> DATA FOR REVIEW
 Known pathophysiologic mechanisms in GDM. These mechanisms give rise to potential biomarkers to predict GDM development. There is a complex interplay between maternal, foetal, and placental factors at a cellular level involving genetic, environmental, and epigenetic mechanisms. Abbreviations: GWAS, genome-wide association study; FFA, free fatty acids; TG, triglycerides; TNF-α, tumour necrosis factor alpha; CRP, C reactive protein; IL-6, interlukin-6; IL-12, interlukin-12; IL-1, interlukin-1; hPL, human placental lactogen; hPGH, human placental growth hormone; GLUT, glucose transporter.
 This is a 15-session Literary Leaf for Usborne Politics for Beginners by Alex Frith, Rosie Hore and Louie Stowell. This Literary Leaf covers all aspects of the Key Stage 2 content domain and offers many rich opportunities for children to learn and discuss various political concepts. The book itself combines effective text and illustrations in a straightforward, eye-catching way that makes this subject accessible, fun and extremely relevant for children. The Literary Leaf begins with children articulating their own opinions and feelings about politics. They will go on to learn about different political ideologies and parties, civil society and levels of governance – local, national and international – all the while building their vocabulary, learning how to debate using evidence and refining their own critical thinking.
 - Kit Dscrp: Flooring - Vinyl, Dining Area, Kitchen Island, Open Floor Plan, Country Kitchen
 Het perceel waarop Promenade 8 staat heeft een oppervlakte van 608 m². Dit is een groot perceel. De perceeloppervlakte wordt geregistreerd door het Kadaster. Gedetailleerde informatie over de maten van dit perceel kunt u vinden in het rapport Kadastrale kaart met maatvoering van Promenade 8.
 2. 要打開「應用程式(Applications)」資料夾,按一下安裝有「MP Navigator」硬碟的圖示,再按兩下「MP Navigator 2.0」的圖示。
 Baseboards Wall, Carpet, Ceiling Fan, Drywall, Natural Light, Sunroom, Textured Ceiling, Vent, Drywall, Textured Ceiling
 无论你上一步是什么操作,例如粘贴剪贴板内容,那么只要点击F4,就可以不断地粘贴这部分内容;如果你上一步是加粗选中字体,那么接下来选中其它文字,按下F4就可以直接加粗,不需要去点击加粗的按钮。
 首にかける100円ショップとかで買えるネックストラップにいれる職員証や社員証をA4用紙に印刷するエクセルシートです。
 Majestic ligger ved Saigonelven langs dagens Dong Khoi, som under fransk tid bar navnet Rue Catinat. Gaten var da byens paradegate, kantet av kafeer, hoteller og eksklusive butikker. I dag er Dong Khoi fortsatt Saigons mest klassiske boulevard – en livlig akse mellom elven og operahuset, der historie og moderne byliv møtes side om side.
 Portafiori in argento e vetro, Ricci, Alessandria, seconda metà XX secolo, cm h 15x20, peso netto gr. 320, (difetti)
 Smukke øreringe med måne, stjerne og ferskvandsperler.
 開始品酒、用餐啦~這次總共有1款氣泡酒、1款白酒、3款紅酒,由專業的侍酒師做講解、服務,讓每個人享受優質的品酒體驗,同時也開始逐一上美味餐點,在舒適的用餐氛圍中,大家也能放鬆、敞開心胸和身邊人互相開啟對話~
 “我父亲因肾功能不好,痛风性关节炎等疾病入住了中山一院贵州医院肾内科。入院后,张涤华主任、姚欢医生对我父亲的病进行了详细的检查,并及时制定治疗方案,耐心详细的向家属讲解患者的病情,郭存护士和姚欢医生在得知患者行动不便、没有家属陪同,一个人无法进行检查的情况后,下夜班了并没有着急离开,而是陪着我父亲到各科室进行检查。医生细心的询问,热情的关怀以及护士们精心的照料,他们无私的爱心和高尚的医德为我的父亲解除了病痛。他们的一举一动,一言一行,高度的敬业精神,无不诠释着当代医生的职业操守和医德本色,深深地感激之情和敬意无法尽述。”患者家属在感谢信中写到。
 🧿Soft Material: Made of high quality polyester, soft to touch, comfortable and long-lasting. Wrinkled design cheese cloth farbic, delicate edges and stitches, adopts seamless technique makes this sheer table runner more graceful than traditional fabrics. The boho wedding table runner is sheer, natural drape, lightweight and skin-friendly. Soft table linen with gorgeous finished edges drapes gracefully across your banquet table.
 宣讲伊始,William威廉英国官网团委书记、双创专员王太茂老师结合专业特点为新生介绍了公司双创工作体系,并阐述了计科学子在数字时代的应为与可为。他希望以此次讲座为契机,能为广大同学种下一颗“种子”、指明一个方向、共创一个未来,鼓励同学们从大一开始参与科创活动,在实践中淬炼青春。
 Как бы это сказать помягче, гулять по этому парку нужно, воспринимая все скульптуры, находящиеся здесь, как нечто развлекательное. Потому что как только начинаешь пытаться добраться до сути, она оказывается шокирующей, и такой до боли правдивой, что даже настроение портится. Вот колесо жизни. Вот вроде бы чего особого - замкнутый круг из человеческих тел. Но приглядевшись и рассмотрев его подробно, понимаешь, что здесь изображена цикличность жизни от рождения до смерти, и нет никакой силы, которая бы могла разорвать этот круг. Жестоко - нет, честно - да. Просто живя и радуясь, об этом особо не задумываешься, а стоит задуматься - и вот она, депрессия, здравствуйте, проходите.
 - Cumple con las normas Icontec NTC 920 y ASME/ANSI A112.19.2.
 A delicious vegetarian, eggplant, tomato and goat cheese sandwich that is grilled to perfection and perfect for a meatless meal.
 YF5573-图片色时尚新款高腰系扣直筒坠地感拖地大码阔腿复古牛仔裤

> WHAT NEEDS TO BE DONE
All records above need to be set down again exactly as written.

> FINAL ANSWER
 Known pathophysiologic mechanisms in GDM. These mechanisms give rise to potential biomarkers to predict GDM development. There is a complex interplay between maternal, foetal, and placental factors at a cellular level involving genetic, environmental, and epigenetic mechanisms. Abbreviations: GWAS, genome-wide association study; FFA, free fatty acids; TG, triglycerides; TNF-α, tumour necrosis factor alpha; CRP, C reactive protein; IL-6, interlukin-6; IL-12, interlukin-12; IL-1, interlukin-1; hPL, human placental lactogen; hPGH, human placental growth hormone; GLUT, glucose transporter.
 This is a 15-session Literary Leaf for Usborne Politics for Beginners by Alex Frith, Rosie Hore and Louie Stowell. This Literary Leaf covers all aspects of the Key Stage 2 content domain and offers many rich opportunities for children to learn and discuss various political concepts. The book itself combines effective text and illustrations in a straightforward, eye-catching way that makes this subject accessible, fun and extremely relevant for children. The Literary Leaf begins with children articulating their own opinions and feelings about politics. They will go on to learn about different political ideologies and parties, civil society and levels of governance – local, national and international – all the while building their vocabulary, learning how to debate using evidence and refining their own critical thinking.
 - Kit Dscrp: Flooring - Vinyl, Dining Area, Kitchen Island, Open Floor Plan, Country Kitchen
 Het perceel waarop Promenade 8 staat heeft een oppervlakte van 608 m². Dit is een groot perceel. De perceeloppervlakte wordt geregistreerd door het Kadaster. Gedetailleerde informatie over de maten van dit perceel kunt u vinden in het rapport Kadastrale kaart met maatvoering van Promenade 8.
 2. 要打開「應用程式(Applications)」資料夾,按一下安裝有「MP Navigator」硬碟的圖示,再按兩下「MP Navigator 2.0」的圖示。
 Baseboards Wall, Carpet, Ceiling Fan, Drywall, Natural Light, Sunroom, Textured Ceiling, Vent, Drywall, Textured Ceiling
 无论你上一步是什么操作,例如粘贴剪贴板内容,那么只要点击F4,就可以不断地粘贴这部分内容;如果你上一步是加粗选中字体,那么接下来选中其它文字,按下F4就可以直接加粗,不需要去点击加粗的按钮。
 首にかける100円ショップとかで買えるネックストラップにいれる職員証や社員証をA4用紙に印刷するエクセルシートです。
 Majestic ligger ved Saigonelven langs dagens Dong Khoi, som under fransk tid bar navnet Rue Catinat. Gaten var da byens paradegate, kantet av kafeer, hoteller og eksklusive butikker. I dag er Dong Khoi fortsatt Saigons mest klassiske boulevard – en livlig akse mellom elven og operahuset, der historie og moderne byliv møtes side om side.
 Portafiori in argento e vetro, Ricci, Alessandria, seconda metà XX secolo, cm h 15x20, peso netto gr. 320, (difetti)
 Smukke øreringe med måne, stjerne og ferskvandsperler.
 開始品酒、用餐啦~這次總共有1款氣泡酒、1款白酒、3款紅酒,由專業的侍酒師做講解、服務,讓每個人享受優質的品酒體驗,同時也開始逐一上美味餐點,在舒適的用餐氛圍中,大家也能放鬆、敞開心胸和身邊人互相開啟對話~
 “我父亲因肾功能不好,痛风性关节炎等疾病入住了中山一院贵州医院肾内科。入院后,张涤华主任、姚欢医生对我父亲的病进行了详细的检查,并及时制定治疗方案,耐心详细的向家属讲解患者的病情,郭存护士和姚欢医生在得知患者行动不便、没有家属陪同,一个人无法进行检查的情况后,下夜班了并没有着急离开,而是陪着我父亲到各科室进行检查。医生细心的询问,热情的关怀以及护士们精心的照料,他们无私的爱心和高尚的医德为我的父亲解除了病痛。他们的一举一动,一言一行,高度的敬业精神,无不诠释着当代医生的职业操守和医德本色,深深地感激之情和敬意无法尽述。”患者家属在感谢信中写到。
 🧿Soft Material: Made of high quality polyester, soft to touch, comfortable and long-lasting. Wrinkled design cheese cloth farbic, delicate edges and stitches, adopts seamless technique makes this sheer table runner more graceful than traditional fabrics. The boho wedding table runner is sheer, natural drape, lightweight and skin-friendly. Soft table linen with gorgeous finished edges drapes gracefully across your banquet table.
 宣讲伊始,William威廉英国官网团委书记、双创专员王太茂老师结合专业特点为新生介绍了公司双创工作体系,并阐述了计科学子在数字时代的应为与可为。他希望以此次讲座为契机,能为广大同学种下一颗“种子”、指明一个方向、共创一个未来,鼓励同学们从大一开始参与科创活动,在实践中淬炼青春。
 Как бы это сказать помягче, гулять по этому парку нужно, воспринимая все скульптуры, находящиеся здесь, как нечто развлекательное. Потому что как только начинаешь пытаться добраться до сути, она оказывается шокирующей, и такой до боли правдивой, что даже настроение портится. Вот колесо жизни. Вот вроде бы чего особого - замкнутый круг из человеческих тел. Но приглядевшись и рассмотрев его подробно, понимаешь, что здесь изображена цикличность жизни от рождения до смерти, и нет никакой силы, которая бы могла разорвать этот круг. Жестоко - нет, честно - да. Просто живя и радуясь, об этом особо не задумываешься, а стоит задуматься - и вот она, депрессия, здравствуйте, проходите.
 - Cumple con las normas Icontec NTC 920 y ASME/ANSI A112.19.2.
 A delicious vegetarian, eggplant, tomato and goat cheese sandwich that is grilled to perfection and perfect for a meatless meal.
 YF5573-图片色时尚新款高腰系扣直筒坠地感拖地大码阔腿复古牛仔裤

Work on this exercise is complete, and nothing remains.